Film der Woche: Alles auf der Welt hat seinen Preis. Diese Regel gilt auch für Tansania, Spielort des fesselnden Coming-of-Age-Dramas »White Shadow«: Menschen bezahlen dort auf den Straßen ganz normal für ihre CDs, Sonnenbrillen und ihr Fleisch zum Abendessen. Andere werden dafür bezahlt, dass sie bei der Beerdigung Fremder weinend mitlaufen. Der europäische Elektroschrott wird von Halden zusammengesammelt und weiterverscherbelt. In dieser Welt bringen auch Albinos Geld ein, da Schamanismus und Aberglaube bei ihnen Zauberkräfte vermuten. Allerdings unter einer Bedingung: Sie müssen tot sein. Für ein Herz gibt es 5.000 Dollar, wer im Besitz einer Hand ist, dem winkt beruflicher Erfolg und, ist er ein Mann, Potenzsteigerung bis zur Glückseligkeit. Oftmals sind Gewalt und Verbrechen notwendige Bedingungen einer organisierten Existenz.
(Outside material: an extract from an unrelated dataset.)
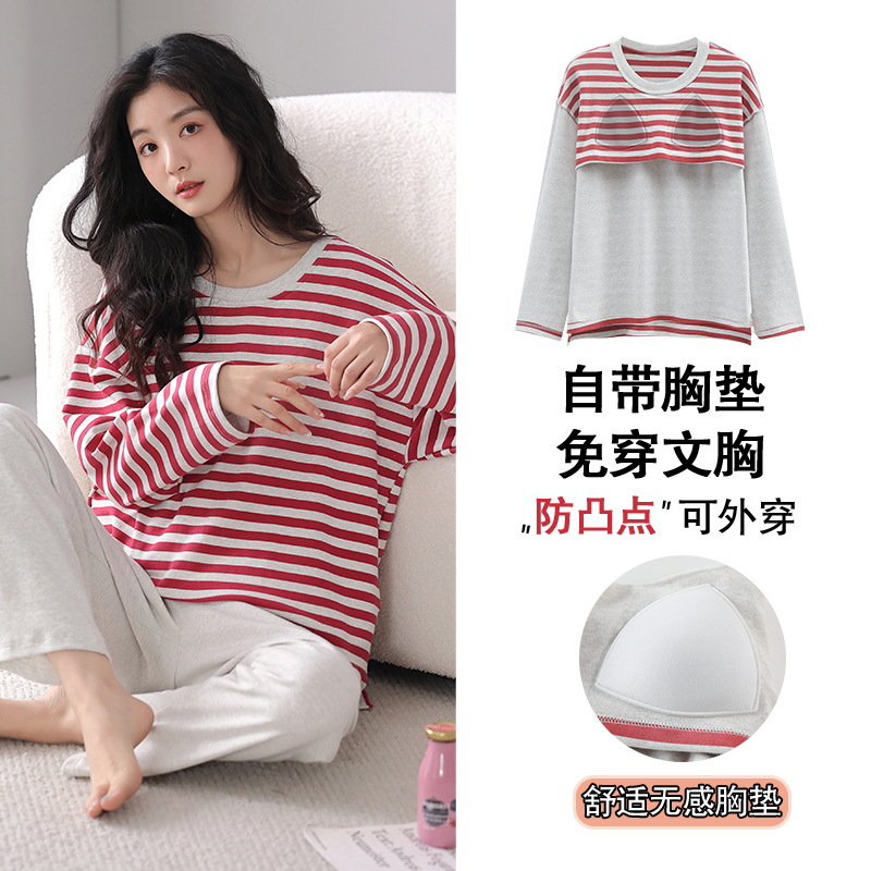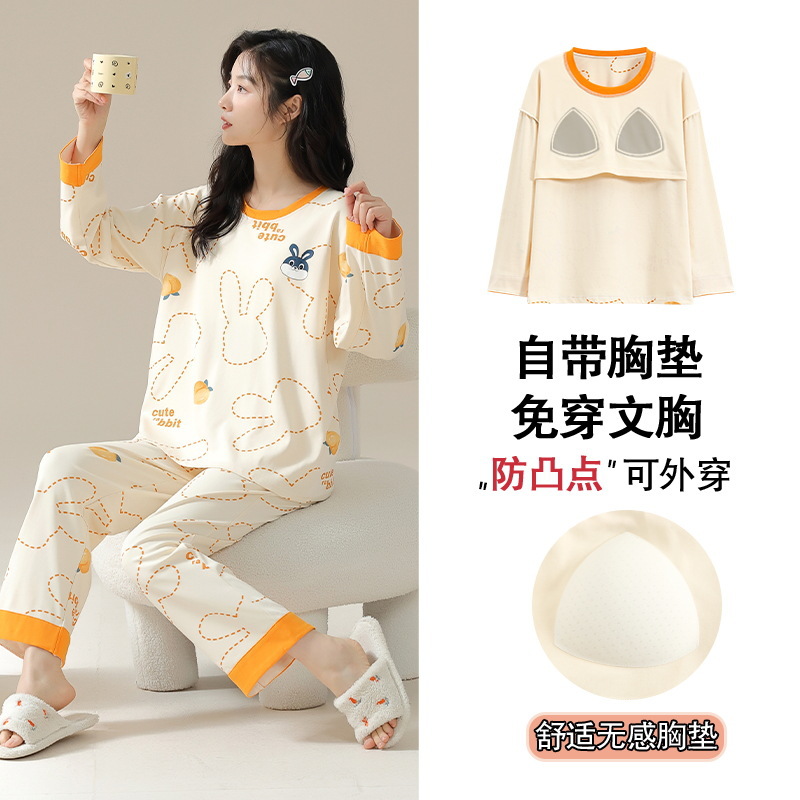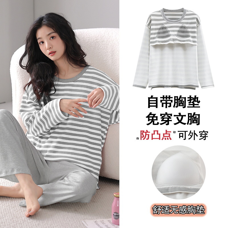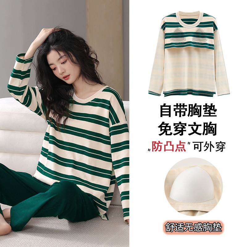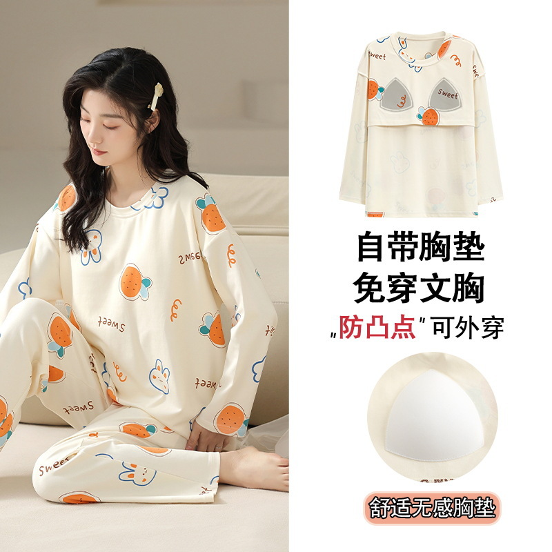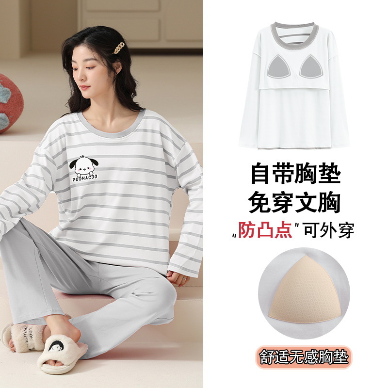 얇은 가을 플러스 사이즈 여성 홈 의류 세트 입고 가슴 패드 원피스 외부와 함께 잠옷 여성의 봄과 가을 긴 소매스토어 가기

Vor solch einem Hintergrund bewegt sich der Albinojunge Alias (Hamisi Bazili) durch sein Leben und ist aufgrund seiner Hautfarbe ständiger Beobachtung und Lebensgefahr ausgesetzt. Formal kreiert Regisseur Noaz Deshe in seinem Erstlingswerk (!) mithilfe aller filmischen Mittel einen sogartigen Ausnahmezustand: Der impressionistische Bilderreigen ist unterbrochen durch schnelle, wüste Schnitte, zu hören sind poetische Stimmfragmente aus dem Off und düstere Geräuschsymphonien. Eine explosive Studie über Mythen, Eskalation und Gerechtigkeit, bewundernswert und kompromisslos. Ausführliche Kritik von Stephan Langer im aktuellen kreuzer.
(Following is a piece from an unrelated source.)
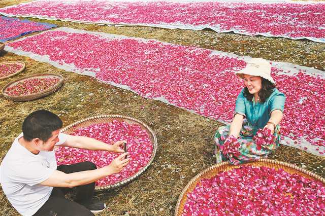 2020年五一長假期間,黔江區(qū)沙壩鎮(zhèn)天香玫瑰莊園的300畝玫瑰盛開,引來不少游客前來游玩、賞花和體驗(yàn)采花、晾曬花瓣。特約攝影 楊敏/視覺重慶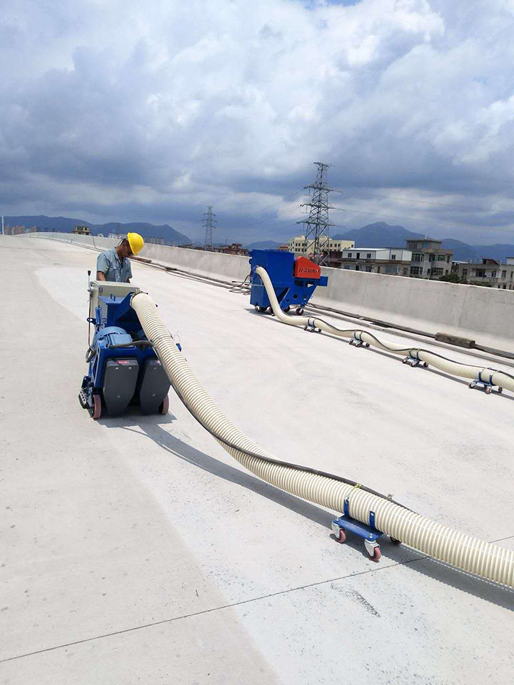 噴涂橋面防水涂料前,首先鑿除混凝土浮漿,平整凸凹不平處,清除油污,垃圾等,然后徹底清掃基面,再用吹塵器把基面吹干凈

»White Shadow«: ab 6.11., Kinobar, ab 18.11., Cineding, ab 27.11., Schaubühne Lindenfels
»Citizenfour« ist einer jener Dokumentarfilme, bei denen man sich ein wenig schwer tut, ihn mit herkömmlichen Kategorien zu rezensieren – wegen seines aktuellen Themas, den Umständen seiner Entstehung und der Tatsache, dass er versucht, sich einem Mythos zu nähern, der seit letztem Jahr als »Edward Snowden« durch die Informationskanäle geistert. Bereits Anfang 2013 meldete sich der ehemalige US-Geheimdienst-Mitarbeiter bei der Filmemacherin Laura Poitras. Sie war die Erste, der sich Snowden anvertraute, auch weil sie mit ihrer bisherigen Filmarbeit selten einen bequemen Weg einschlug und das technische Know-how für einen verschlüsselten Kontakt besaß. In ihrem Dokumentarthriller schildert sie nun, wie Snowden zum berühmtesten Whistleblower wurde. Zusammen mit dem Journalisten Glenn Greenwald trifft sich Poitras mit dem Unbekannten in einem Hongkonger Hotel. Die Tage streichen vorüber, brisante Informationen kommen zum Vorschein und auch die Paranoia bei den Beteiligten wächst. »Citizenfour« ist weder Snowden-Porträt, noch will er weitere pikante Details im Überwachungsskandal aufdecken. Poitras’ Augenmerk liegt darauf, wie sich die Ereignisse seit der ersten Kontaktaufnahme Snowdens Anfang 2013 auch fernab des Medienrummels entwickelten – wie in einem Thriller für die große Leinwand, nur dass das hier tatsächlich geschehen ist. Ausführliche Kritik von Eileen Reukauf im Dok-Blog.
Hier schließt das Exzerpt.